Does it really take 20-30 minutes for a Gaggia to warm up. I've never noticed that. I usually leave mine about 5 minutes before pouring my morning coffee. During the day it gets left on and I can't say I've noticed any difference between 5 minutes and 2 hours warm up.

I don't use the steam wand as don't have milk so can't comment on how good or bad that is.


----------



## Spy (May 12, 2016)

Thanks Jacko.

Yes, some of the Sage machines seem to have had a few issues but from what I can ascertain, this is mainly around the all-in-one grinder and espresso machines like the Barista model.

The Dual Boiler and the Duo Temp Pro seem to more reliable but then again, they haven't been around as long as the Gaggia or Silvia to be able to make a definitive conclusion.

Although longevity is important, as long as it lasts a few years I don't mind as much.

The killer at the moment is the warm-up time. If the boiler machines like the Silvia and Classic could warm up as quickly as the Sage machines, I would have an easier time deciding - 20+ minutes is a little too long.

I know you could fit a timer for the morning but it is not ideal and also foes not help with the ad hoc coffee during the day.

Are there any other machine around this price range that produce great coffee and have a fast warm up time ?
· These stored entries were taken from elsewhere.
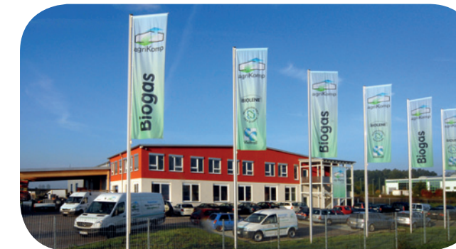
agriKomp headquarters – Merkendorf / Germany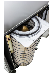
TV-600 (WF) Hemipleat Cartridge (top view) - Included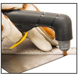
• Use a metal straight edge to control cuts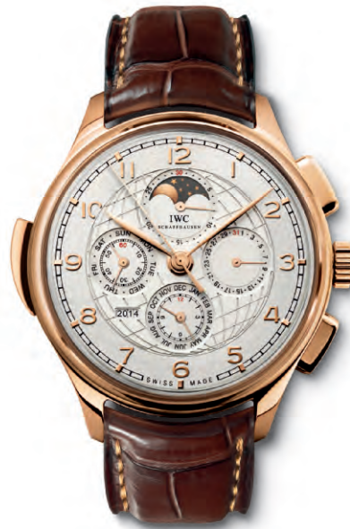
REF. IW377402 in 18-carat red gold with dark brown alligator leather strap

Limited edition of a total of 100 watches per year · Mechanical chronograph movement · Self-winding · 44-hour power reserve when fully wound · Perpetual calendar with displays for the date, day, month, year in four digits and perpetual moon phase · Stopwatch function with hours, minutes and seconds · Minute repeater for hours, quarters and minutes · Small hacking seconds · Sapphire glass, arched edge, antireflective coating on both sides · Special back engraving · Water-resistant 3 bar · Case height 16.5 mm · Diameter 45 mm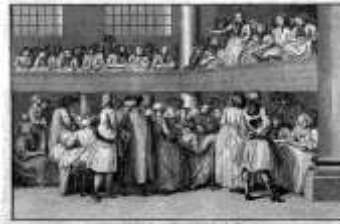
A woman preaches before an assembly of Quakers in London in 1723.

Sometime later they formed the nucleus of the Guernsey Quaker meetings. However, it was not until 1811 that the local Quakers had sufficient funds to build their own Meeting House at Clifton.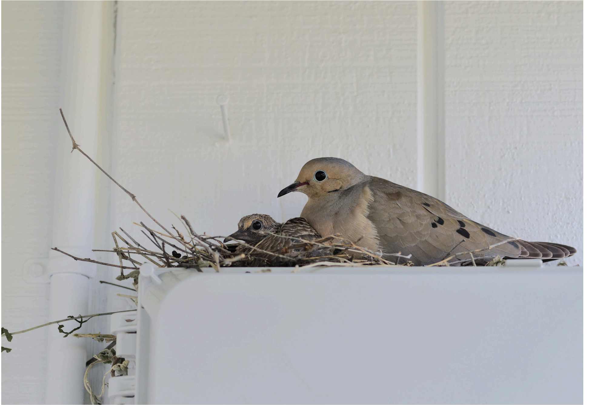
Mourning Doves.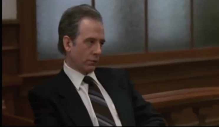
From My Cousin Vinny , 1992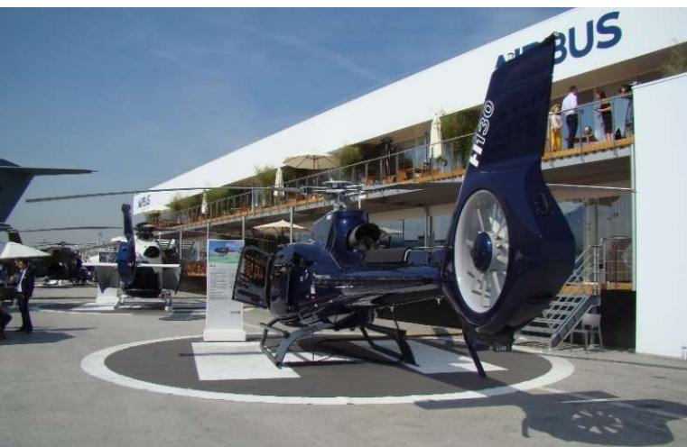
In the front is the "Airbus Helicopters H130", behind of it is the "Airbus pavillon de présentation" air-conditioned by WARMBOLD® Energie und Klima GmbH.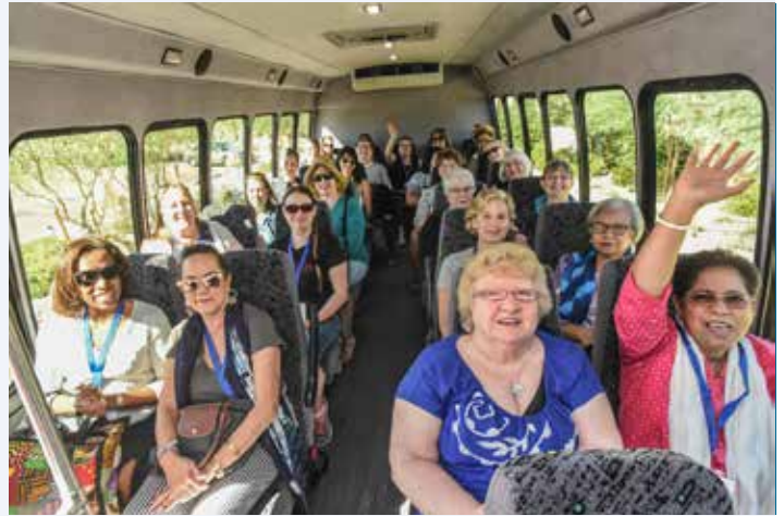
The executive board tours triennial convention and gathering sites in Phoenix, Ariz.

On the request of the programs and communication

Will the smaller portafilter, lack of solenoid an fixed PID temp on the Sage mean the quality of the coffee suffers compared to a Gaggia or Silvia ?


----------



## Spy (May 12, 2016)

GrowlingDog said:


> Does it really take 20-30 minutes for a Gaggia to warm up. I've never noticed that. I usually leave mine about 5 minutes before pouring my morning coffee. During the day it gets left on and I can't say I've noticed any difference between 5 minutes and 2 hours warm up.
> 
> I don't use the steam wand as don't have milk so can't comment on how good or bad that is.


Steam Wand doesn't bother me as like you, 98% of my drinks are with no milk.

As regards warm-up time, that is what I have read based on posts from forum coffee experts on the internet and here - views?


----------



## Missy (Mar 9, 2016)

You can speed it up a bit by heating the portafilter (dump it in hot water) and running some water through. But the classic does need some warm up time, after its been cold. On a morning maybe 20 minutes. I drink around 5 coffees a day, (but tend to switch off between drinks) and subsequent heat up is much less as it retains heat. Maybe get a wemo switch to turn it on from bed (or even an old fashioned timer switch) to eliminate the morning wait. I generally just flip mine on before I shower and it's ready to go when I'm dressed. (But we live in a bungalow so it's easier to do)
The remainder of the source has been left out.